I just pulled up the latest University of Michigan consumer sentiment numbers, and honestly, my stomach dropped. The index fell to 53.3 that’s now below the lows of the 2008 financial crisis. Let that sink in. The last time Americans felt this bleak about the economy, we were watching banks collapse and housing markets crater.
When you look at the chart, you can see sentiment has been sliding for months, but this latest print is a gut punch. It’s not just a bad number it’s a historic low. And it tracks with everything else we’re seeing: gas prices up nearly a dollar since the Iran conflict started, mortgage rates approaching 6.5%, and the 10‑year Treasury yield spiking to 4.39%. People feel it at the pump, in their monthly housing costs, and in their grocery bills.
From my point of view, this sentiment collapse is what happens when inflation expectations hit 5.2% and the Fed keeps telling you rates aren’t coming down. Consumers are exhausted. They’ve been squeezed for years, and now with geopolitical tensions flaring and markets getting volatile, the psychological toll is showing up in the data.
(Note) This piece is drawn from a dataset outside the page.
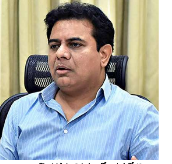
తొందరపాటు నిర్ణయాలతో రాష్ట్ర పురోగతి దెబ్బతింటుంది

సగరంలో తలపెట్టిన ఫార్యాసిటీ ప్రాజెక్టును కాంగ్రెస్ ప్రభుత్వం కొనసాగిస్తుందా..? లేదా..? అనే అంశంపై స్పష్టత ఇవ్వాలని సిఎం రేవంత్ రెడ్డిని బిఆర్ఎస్ వర్కింగ్ ప్రెసిడెంట్ కెటిఆర్ కోరారు. వెంటనే ప్రభుత్వం ఈ అంశంపై విధానపరమైన నిర్ణయాన్ని వెల్లడించాలని డిమాండ్ చేశారు. ఈ మేరకు సిఎం రేవంత్ రెడ్డికి కెటిఆర్ లేఖ రాశారు. లైఫ్ సైన్స్, ఫార్యా రంగాల్లో హైదరాబాద్ ను అంతర్జాతీయంగా నంబర్ వన్ గా నిలిపే ఉద్దేశంతో ఫార్యా సిటీ అనే బృహత్తరమైన ప్రాజెక్టును కెసిఆర్ ప్రభుత్వం చేపట్టిందని ఈ సందర్భంగా కెటిఆర్ గుర్తు చేశారు. ఇప్పటికే తెలంగాణ రాష్ట్రం ఫార్యాస్యూటికల్స్ ఉత్పత్తిలో దేశంలోనే 40 శాతం వాటా కలిగి ఉందని, వెయ్యికి పైగా లైఫ్ సైన్స్ కంపెనీలకు రాష్ట్రం ఆద్యాగా ఉందని తెలిపారు. ఏటా 80 బిలియన్ల దాల్చ విలువ చేసే ఉత్పత్తులను తెలంగాణ నుంచి తయారు చేస్తున్న విషయం ముఖ్యమంత్రికి తెలిసి ఉంటుందని, ఇలాంటి కీలకమైన రంగాన్ని మరింత ప్రోత్సహిస్తే రాష్ట్రానికి ఆదాయం పెరగటంతో పాటు మన యువతకు భారీగా ఉపాధి అవకాశాలు కల్పించవచ్చన్నారు. హతాత్తుగా ఈ ప్రాజెక్టును రద్దు చేస్తున్నట్లుగా సిఎం ప్రకటించటంతో ఫార్యా సిటీలో పెట్టుబడులు పెట్టే సంస్థలు ఆందోళన చెందాయని పేర్కొన్నారు. అదే విధంగా ఫార్యా సిటీ వస్తే ఉద్యోగాలు వస్తాయని భావించిన యువత, బతుకులు బాగుపడుతాయని భూములు ఇచ్చిన రైతుల్లో కూడా ఇప్పుడు గందరగోళం నెలకొని ఉందని, ఈ ప్రాజెక్టును ప్రభుత్వం కొనసాగిస్తుందా..? లేదా..? అన్న అంశంపై చాలా ఊహాగానాలు కొనసాగుతున్నాయన్నారు. అసలు ప్రాజెక్టు రద్దు చేస్తున్నట్లు ప్రకటించే ముందు భూములు ఇచ్చిన రైతులతో గానీ పెట్టుబడులు పెట్టడానికి ముందుకు వచ్చిన సంస్థలతో గానీ ఎందుకు సంప్రదింపులు జరపలేదో చెప్పాలని అడిగారు.

I’ve watched sentiment recover from deep lows before after 2008, after COVID but each time it took a catalyst. Right now, I’m not seeing that catalyst. The consumer is the backbone of the economy, and when sentiment sinks below crisis levels, it starts to affect spending, hiring, and ultimately growth. We’re not in a recession yet, but if confidence stays this depressed, it might become a self‑fulfilling prophecy. I’m hoping we find a floor soon, because 53.3 is not a number anyone should feel comfortable with.